They're also, apparently, in a bind with Comcast, their co-owners of Hulu, who are gearing up to demand Disney buy them out. Comcast is valuing it at around $70 billion, Disney values it way lower (around $20 billion by one report).

The Little Mermaid is not earning the overseas profits it needed to do, and seemingly on the second domestic weekend it also fell back (this is being blamed on the usual "racist backlash" but oh dear those racist East Asians who aren't going to see it, tsk tsk!). The fifth Indiana Jones movie is being re-cut, re-shot, scrapbooked and everything including the kitchen sink thrown at it because of the bad reception at Cannes and the vital need for it to make at least a billion when finally released.

Now the rumours begin:

(1) Disney only has $200 million in liquidity. Comcast is looking for way more, so they're looking at more layoffs, cancellation of projects, and even selling off IP and - rumoured - some of the parks?

(2) George Lucas rumoured to want to buy back Lucas Films?

It is all rumour and insider gossip at the moment and who knows how much is true at all, if any of it, but it's fun to watch in the context of Disney's fight with DeSantis and all the progressive chatter online about how DeathSantis is an idiot for taking on a company with such high-class expensive lawyers and deep pockets to fight court cases.

Looks like those pockets may not be so deep after all!

Not sure if this has been mentioned before, but on the topic of The Little Mermaid, I am extremely confused by the Rotten Tomatoes score. The "audience score" has been fixed at 95% since launch, which is insanely high. The critics score is a more-believable 67%. Note that the original 1989 cartoon - one of my favorite movies growing up, a gorgeous movie that kickstarted an era of Disney masterpieces - only has an 88% audience score. Also, Peter Pan & Wendy, another woke remake coming out at almost the same time, has an audience score of 11%. And recall that the first time Rotten Tomatoes changed their aggregation algorithm was actually in response to Captain Marvel's "review bombing", another important and controversial Disney movie.

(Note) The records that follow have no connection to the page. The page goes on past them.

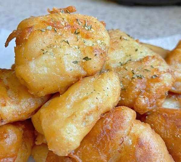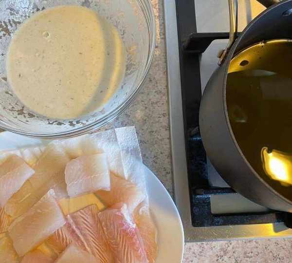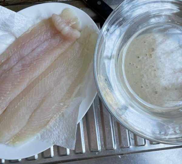 第7步、面糊靜置半小時後,魚肉切小塊,裹上面糊,中火炸5-6分鐘,直到兩面金黃。
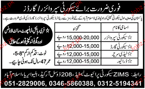 Latest Private Company Security Posts Islamabad 2025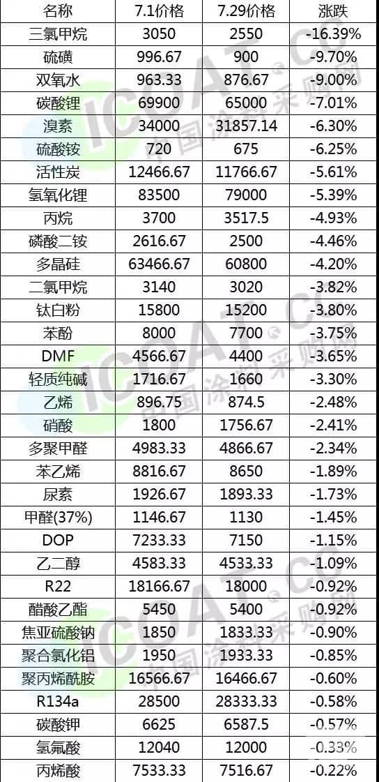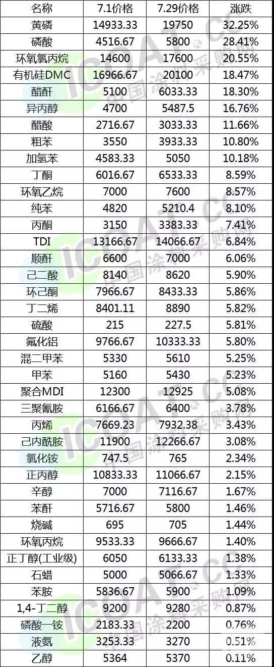 據涂料采購網了解,近期受到一些事故等影響,化工原材料價格波動較大。以下為涂料采購網整理的7月以來部分化工原材料的價格漲跌榜。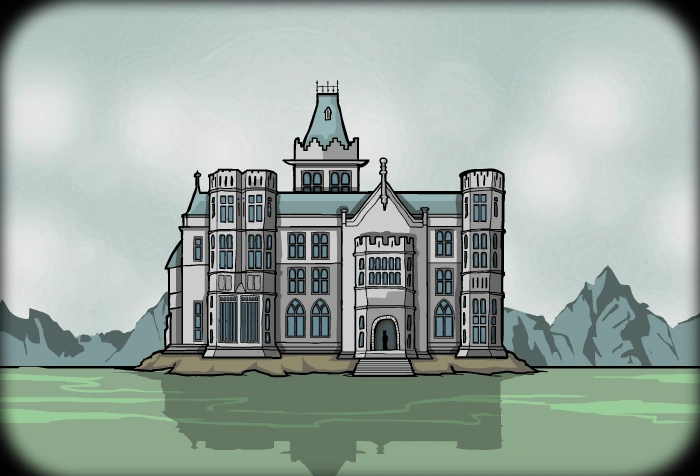 Rusty Lake Hotel is the location of the seventh game. It is a large manor house situated on an island in the middle of Rusty Lake. The hotel is owned by Mr. Owl, and is staffed by Mr. Crow, Mr. Toad, Mr. Bat, and Harvey. The hotel is made up of three visitable levels: the ground floor, and the 1st and 2nd floors, via an elevator.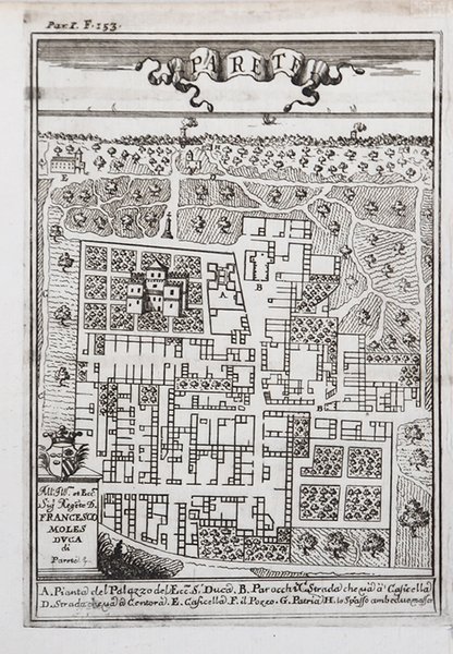 Veduta della città tratta da Il Regno di Napoli in prospettiva diviso in dodeci provincie, in cui si descrivono la sua metropoli fidelissima città di Napoli… Opera postuma divisa in tre parti dell'abate Gio. Battista Pacichelli parte prima [terza]. - In Napoli: nella stamperia di Michele Luigi Mutio, 1700 - 1703. Questa monumentale opera dell'abate Pacichelli si propone di raccontare la storia politico-militare, religiosa, urbanistica, economica ed artistica di 148 città e degli annessi territori, nelle 12 provincie costituenti quello che fu un tempo il Regno di Napoli. Di ogni singolo comune vengono narrate le origini, la situazione economica, le vicende storiche, la topografia e i monumenti, le opere letterarie, i culti e le reliquie dei Santi venerati. Valore aggiunto e parte integrante dei volumi di Pacichelli sono le nitide incisioni che ritraggono tutti i centri del regno napoletano realizzate da Michele Luigi Muzio e le carte geografiche opera di Francesco Cassiano De Silva. L'opera fu consegnata agli editori nel 1692, ma andò in stampa solo dopo la morte di Pacichelli (1695). ' Incisione in rame, in ottimo stato di conservazione. Rara. View of the city taken from Il Regno di Napoli in prospettiva diviso in dodeci provincie, in cui si descrivono la sua metropoli fidelissima città di Napoli. Opera postuma divisa in tre parti dell'abate Gio. Battista Pacichelli parte prima [terza . - In Naples: in the printing house of Michele Luigi Mutio, 1700-1703. This monumental work by Abbot Pacichelli sets out to recount the political-military, religious, urban, economic and artistic history of 148 cities and their annexed territories, in the 12 provinces that made up what was once the Kingdom of Naples. The origins, economic situation, historical events, topography and monuments, literary works, cults and relics of the saints venerated are described for each individual municipality. An added value and an integral part of Pacichelli's volumes are the sharp engravings depicting all the centres of the Neapolitan kingdom by Michele Luigi Muzio and the maps by Francesco Cassiano De Silva. The work was delivered to the publishers in 1692, but only went into print after Pacichelli's death (1695). ' Copperplate, in excellent condition. Rare. Cfr.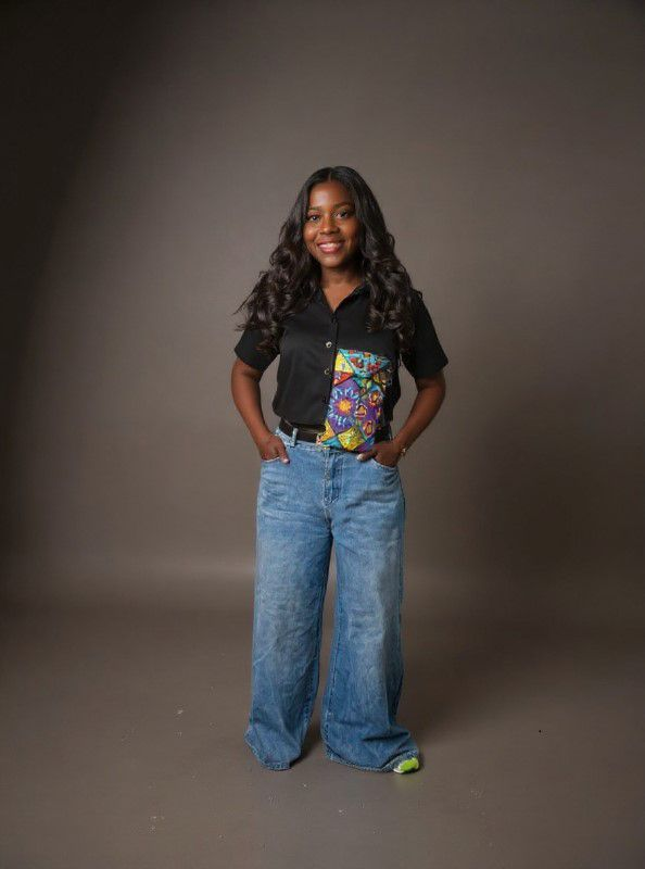This look photographs exceptionally well: the panel reads from 10 meters, the denim gives motion, and the black grounds the frame. On street style grids, it will register as joyful rather than loud, exactly the sweet spot for global audiences who want connection to West African textiles without costume.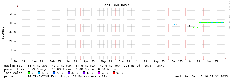 traceroute to 2001:41d0:ab05::2:0:261 (2001:41d0:ab05::2:0:261), 30 hops max, 80 byte packets - Generated at 2025-12-06 16:15:01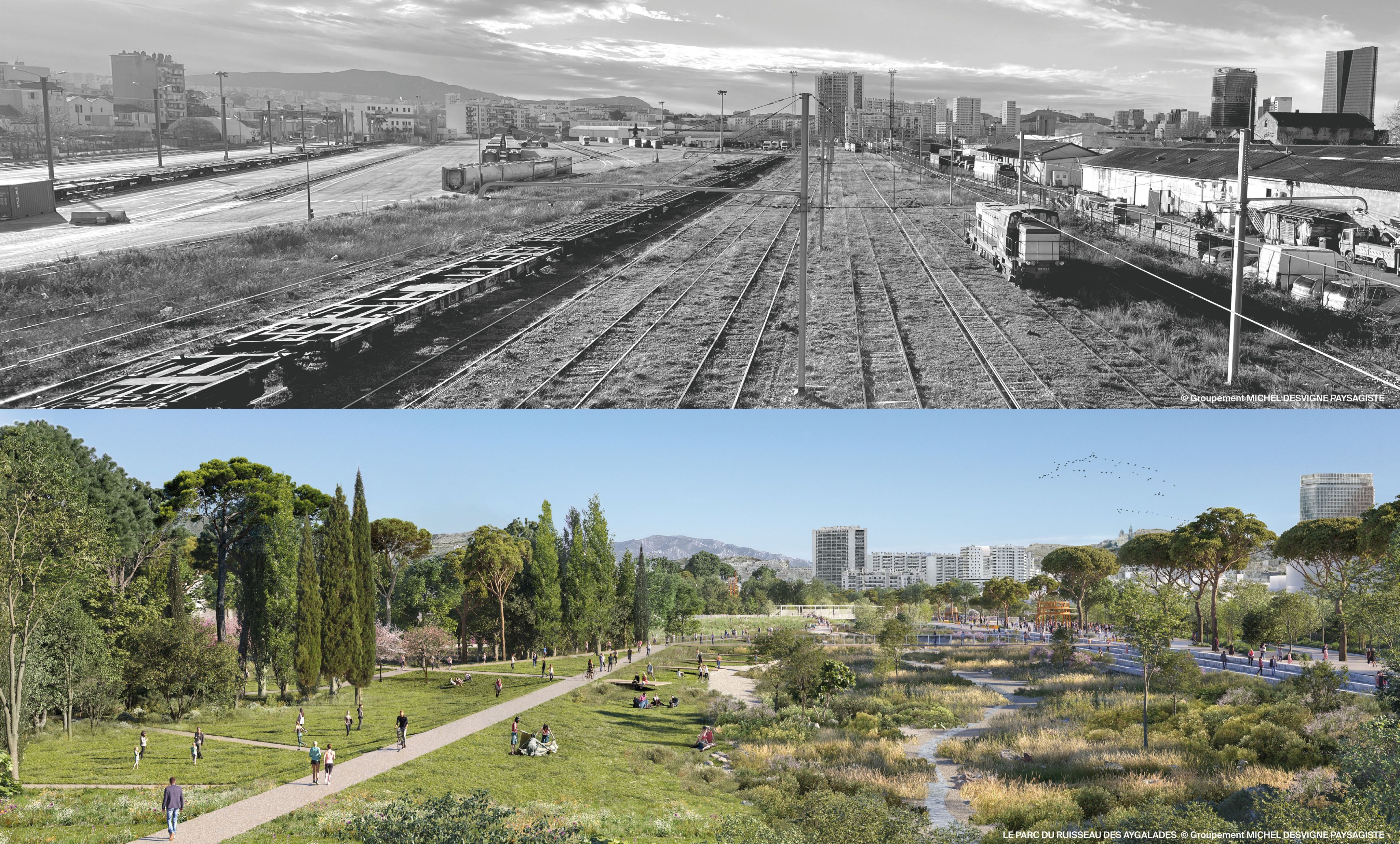 "Conserver ce quai permet de garder une trace de l'ancienne gare, c'est aussi la mémoire du lieu", souligne Michel Desvigne. Installé entre les boulevards Capitaine-Gèze et François-de-Lesseps, le parc du ruisseau des Aygalades sera accessible par huit entrées. Une passerelle réservée aux piétons et aux cyclistes le traversera d'est en ouest, reliant directement les Crottes au Canet. Au-delà de sa fonction récréative, cet aménagement recréera des liens entre les quartiers et ouvrira une perspective vers le port. Desservi par deux stations de métro et doté de parkings à proximité, il devrait attirer les riverains, comme les Marseillais venus de quartiers plus éloignés. Entre juin et novembre dernier, la concertation publique a permis de recueillir les attentes des habitants en matière d'activités, de convivialité, de détente… Les travaux démarreront en 2027.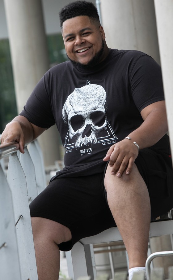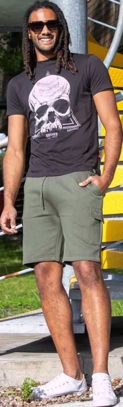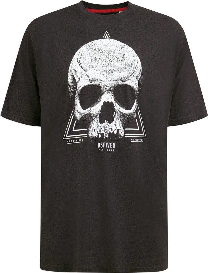 Koko-opas - D555 Hucknall Skull Monochrome Printed Crew Neck T-shirt Washed Black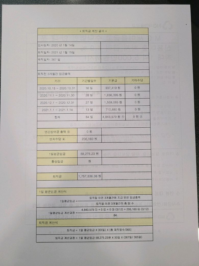 또한 퇴직금에도 퇴사전 3개월평균 임금의 30일치에 소소한 금액이나 1일 근무일 수에 대한 산출액(30일치 임금/356일)도
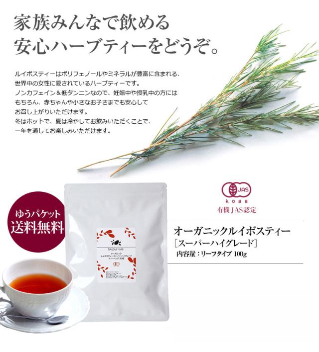 ルイボスティー スーパーハイグレード オーガニック リーフ 100g ルイボス 健康茶 ノンカフェイン ハーブ ダイエット お茶 有機JAS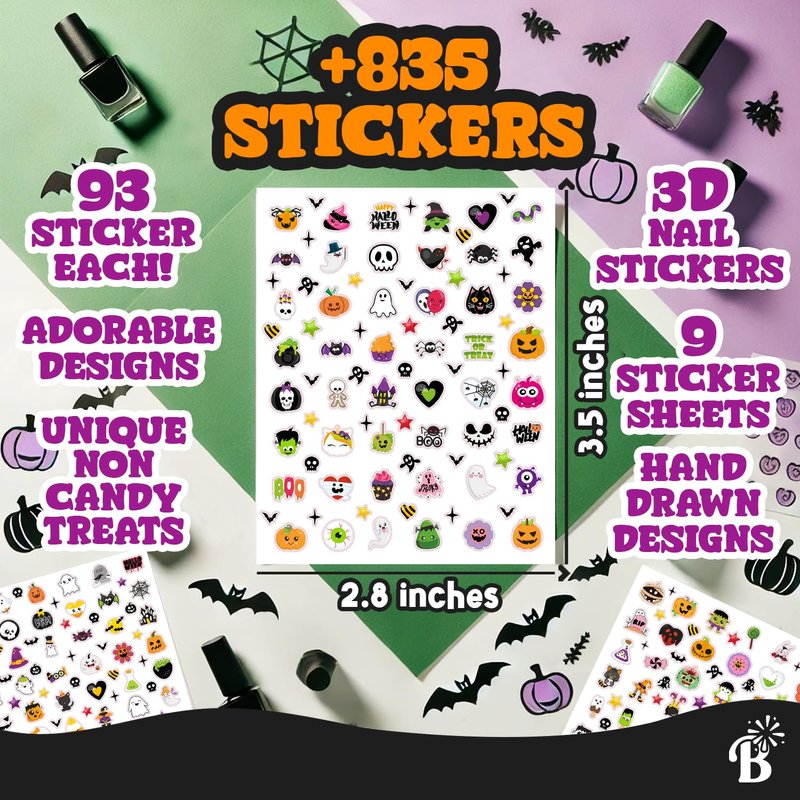 Halloween Nail Stickers+ Cards Non Candy Halloween Party Favors for Girls Treats Bulk, Halloween Goody Bag Stuffers, Halloween Birthday Girl Party Gifts Prizes Trick Girly Halloween Party Supplies

If you click through to the "all audiences" score, it's in the 50% range. And metacritic's audience score is 2.2 out of 10. The justification I've heard in leftist spaces is that the movie's getting review bombed by people who haven't seen it. And there certainly is a wave of hatred for this movie (including from me, because the woke plot changes sound dreadful). How plausible is this? I haven't seen the movie myself, so it's possible that it actually is decent enough for the not-terminally-online normies to enjoy. But even using that explanation, how is 95% possible?

Right now I only see two possibilities:

  • Rotten Tomatoes has stopped caring about their long-term credibility, and they're happy to put their finger on the scale in a RIDICULOUSLY obvious way for movies that are important to the Hollywood machine. I should stop trusting them completely and go to Metacritic.

  • People like me who have become super sensitive to wokeness already knew they'd hate the movie and didn't see it; for the "verified" audience, TLM is actually VERY enjoyable, and the 95% rating is real.

But, to be honest, I would have put a low prior on BOTH of these possibilities before TLM came out. Is there a third that I'm missing?

Rotten Tomatoes turned off reviewing unreleased movies just before Captain Marvel came out, but claim that they "definitely" didn't change the site to protect Captain Marvel. Given how much fudging of everything has happened in the world since then, I wouldn't be surprised if they are now willing to make up review scores to protect favored films.